Quasipolynomial-time Identity Testing of Non-Commutative and Read-Once Oblivious Algebraic Branching Programs

TL;DR

This paper presents the first quasi-polynomial black-box polynomial identity testing algorithms for read-once oblivious algebraic branching programs, with improved results for bounded width cases, advancing derandomization in algebraic complexity.

Contribution

It introduces quasi-polynomial-sized hitting sets for read-once oblivious ABPs with known variable order, and connects derandomization of algebraic problems to PIT of these ABPs.

Findings

First quasi-polynomial black-box PIT for read-once oblivious ABPs.

Hitting set size exp(lg^2 S) with seed length lg^2 S.

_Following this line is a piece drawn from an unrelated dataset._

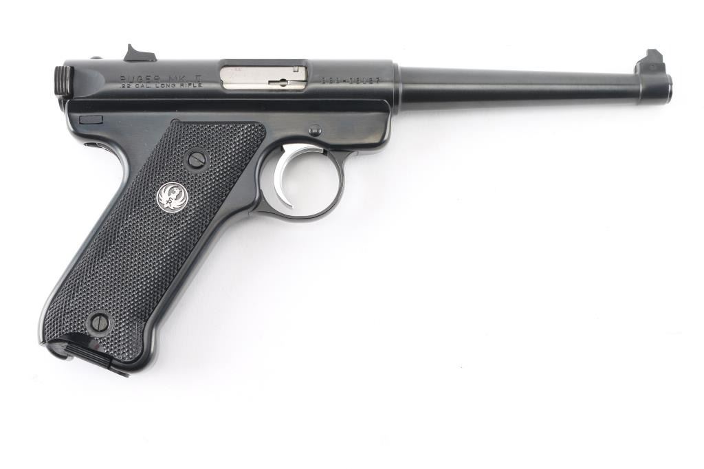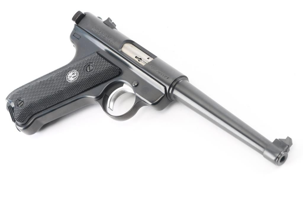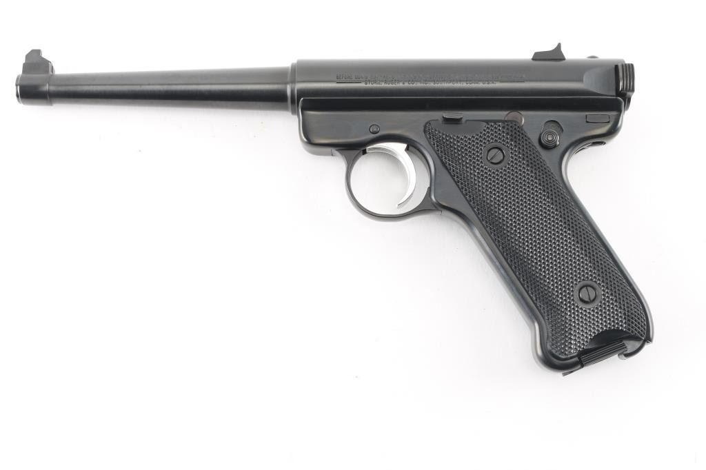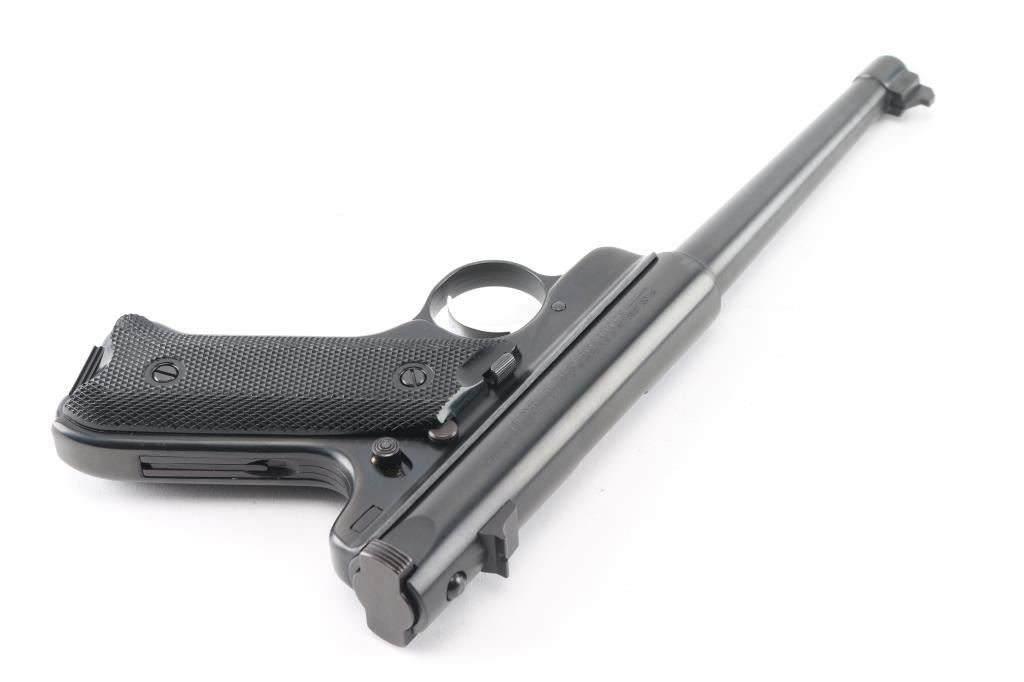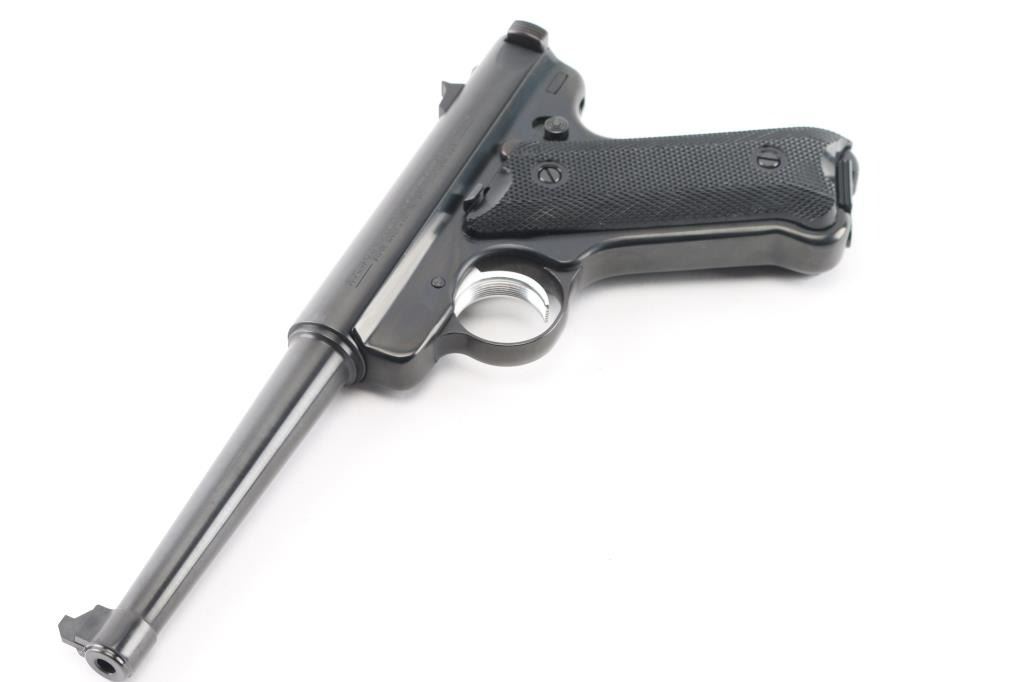 American made semi-auto pistol chambered for .22 LR ammunition, circa 1998. It features a deep blued (Black) finish, 6" barrel, black plastic "checkered" grips with silver Ruger medallions, "silver" tone serrated trigger, fixed sights, mag release on bottom of mag well, and one 10 round magazine. Bore looks good but needs cleaned. Metal finish looks very good. Grips are fine. Condition is NRA Very Good+. *Modern Firearm*

Improved hitting sets for bounded width ABPs with seed length lg^2 S/lglg S.

Abstract

We study the problem of obtaining deterministic black-box polynomial identity testing algorithms (PIT) for algebraic branching programs (ABPs) that are read-once and oblivious. This class has an deterministic white-box polynomial identity testing algorithm (due to Raz and Shpilka), but prior to this work there was no known such black-box algorithm. The main result of this work gives the first quasi-polynomial sized hitting sets for size S circuits from this class, when the order of the variables is known. As our hitting set is of size exp(lg^2 S), this is analogous (in the terminology of boolean pseudorandomness) to a seed-length of lg^2 S, which is the seed length of the pseudorandom generators of Nisan and Impagliazzo-Nisan-Wigderson for read-once oblivious boolean branching programs. Our results are stronger for branching programs of bounded width, where we give a hitting set of size exp(lg^2 S/lglg S), corresponding to a seed length of lg^2 S/lglg S. This is in stark contrast to the known results for read-once oblivious boolean branching programs of bounded width, where no pseudorandom generator (or hitting set) with seed length o(lg^2 S) is known. In follow up work, we strengthened a result of Mulmuley, and showed that derandomizing a particular case of the Noether Normalization Lemma is reducible to black-box PIT of read-once oblivious ABPs. Using the results of the present work, this gives a derandomization of Noether Normalization in that case, which Mulmuley conjectured would difficult due to its relations to problems in algebraic geometry. We also show that several other circuit classes can be black-box reduced to read-once oblivious ABPs, including set-multilinear ABPs (a generalization of depth-3 set-multilinear formulas), non-commutative ABPs (generalizing non-commutative formulas), and (semi-)diagonal depth-4 circuits (as introduced by Saxena).